The restrictions will be in place province-wide until January 9, but they will remain in effect in southern Ontario, including Ottawa and Toronto, until January 23. Toronto, Canada’s largest city, has already been subject to strict COVID-19 rules since the end of November. .

Ontario had a seven-day average of 2,306 new cases daily as of Thursday. On the same day, it recorded the highest single-day tally since the start of the pandemic, with 2,447 new infections. Forty-nine additional deaths linked to the virus have also been reported.

“Delayed action”

Some Ontario public health experts have criticized Ford, saying the premier acted too late and was doing too little to stem the spread of the virus, such as guaranteeing paid sick leave for workers who might get sick.

Provincial data shows that 27 percent of the 923 active COVID-19 outbreaks in Ontario are occurring in workplaces.

“What part of the ‘now’ and ‘the action’ Mr. Doesn’t Ford understand? ” Globe and Mail’s health columnist André Picard wrote earlier this week.

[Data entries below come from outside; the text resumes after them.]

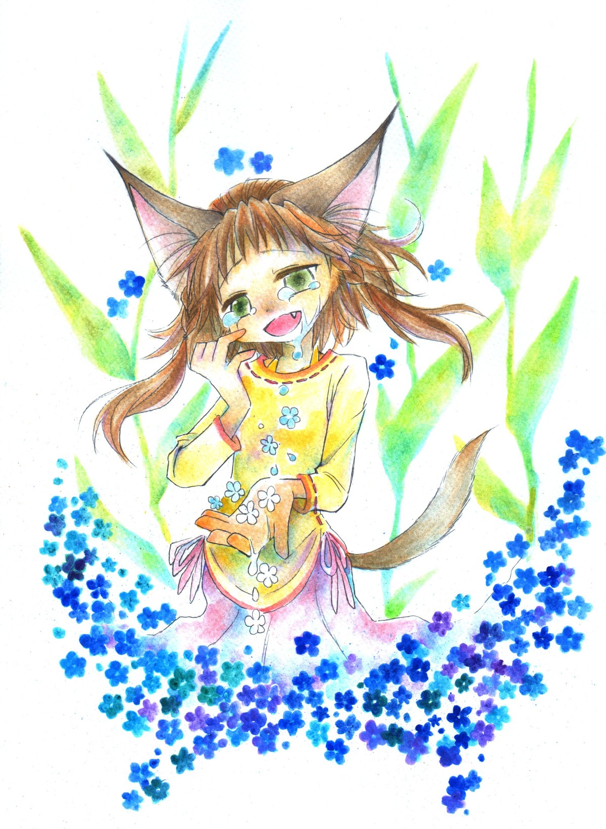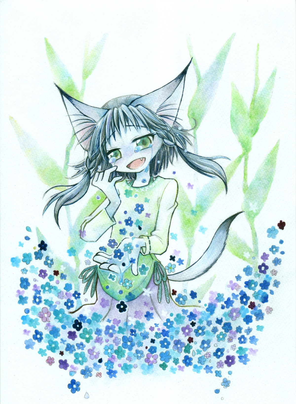 涙が花になっているのか、涙が花のように見えるのか、そんな感じのイメージ。
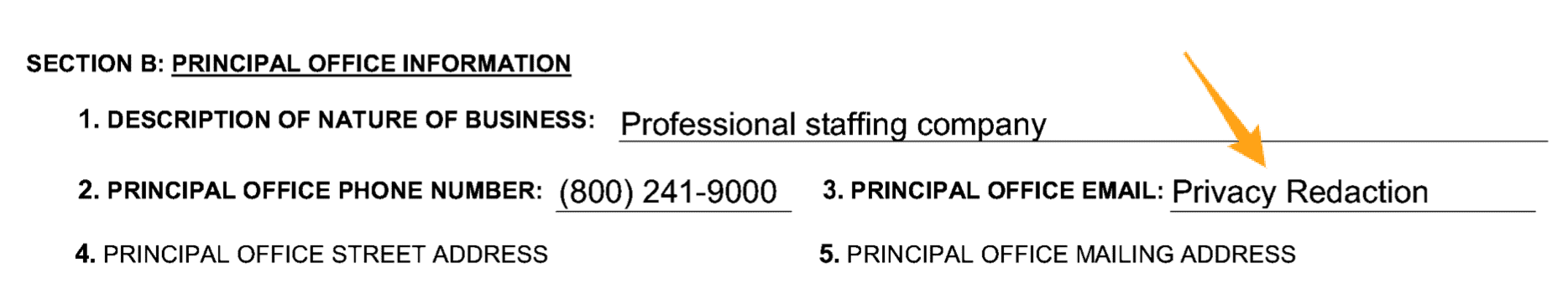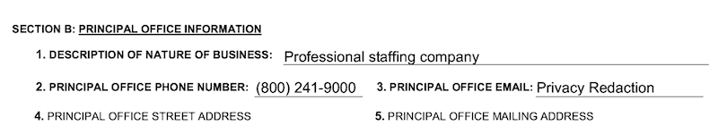 We recommend entering an email address here. This information will not go on public record. The state keeps it private. It’ll look like this on your filed report:
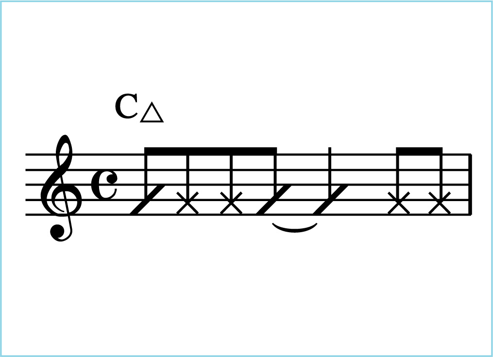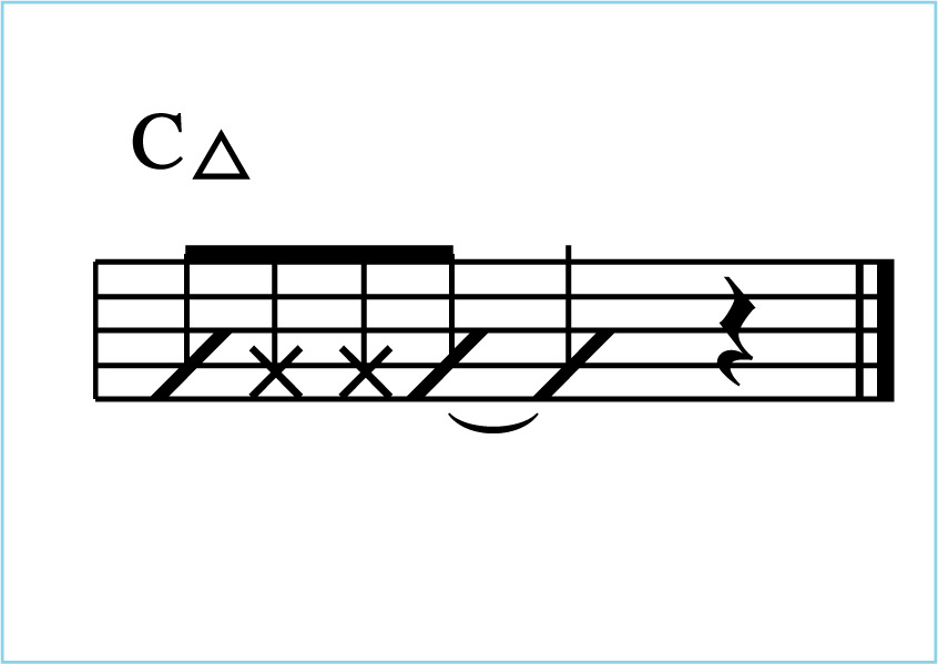 STEP 2 : Key Transpose for Rock I - IV - V ( Key = C ) 同パターンのアップ・テンポ及び別 Key のバージョン。 6弦から1弦までを、一気にカッティングして、 コードが1つの音塊になる様に、心がけましょう。 |
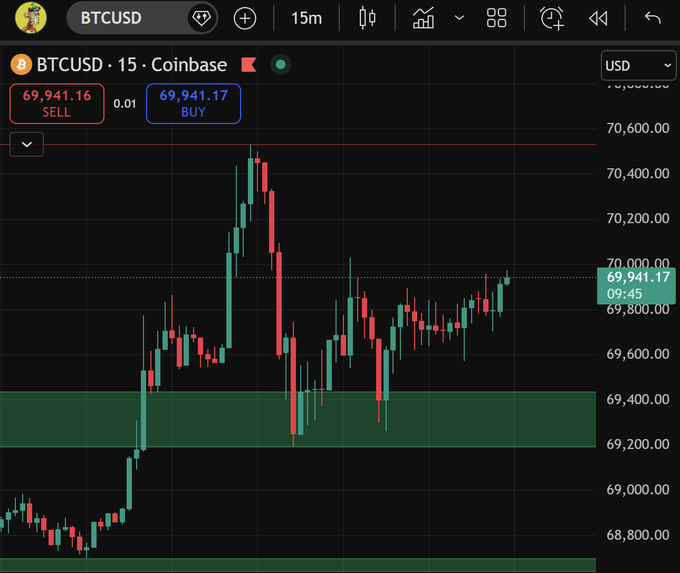 Bitcoin đang cố gắng vượt mốc 70.000 đô la Nó đã thử vài lần rồi nhưng vẫn chưa vượt qua được Một cú bứt phá mạnh mẽ trên mốc 70.000 đô la và giữ vững mức giá này có thể đẩy nó lên cao hơn Bạn nghĩ Bitcoin sẽ đạt 75.000 đô la vào cuối tuần này không?

Picard criticized the prime minister for announcing the need for urgent action on December 21, but did not impose the new restrictions until five days later – and said the lockdown was not a lockdown at all.

“Half measures and deferred action, an approach Ontario has taken time and time again, will not work,” he wrote.

Ontario Premier Doug Ford said this week he was ‘making the difficult but necessary decision’ to impose tougher restrictions across the province of Canada [File: Carlos Osorio/Reuters]

Dr Nadia Alam, a family doctor in Georgetown, Ont., A town about 60 km (37 miles) west of downtown Toronto, told Al Jazeera on Friday that hospitals are full and in need. struggling to manage a high number of COVID and non-COVID patients.

She said many nurses and other healthcare workers are working double shifts, as the network is stretched to its limits.

“We are running out of people. We’re out of space. The decisions [Ontarians] doing in their individual lives will make or defend our health system, ”she said.

Alam said the province-wide shutdown was necessary to try to limit people’s contact with others and the potential spread of the virus – and she urged people to adhere to the new, more stringent public health guidelines.

“If the lockdown doesn’t work, we’re in trouble. We already have the impression that we are in difficulty.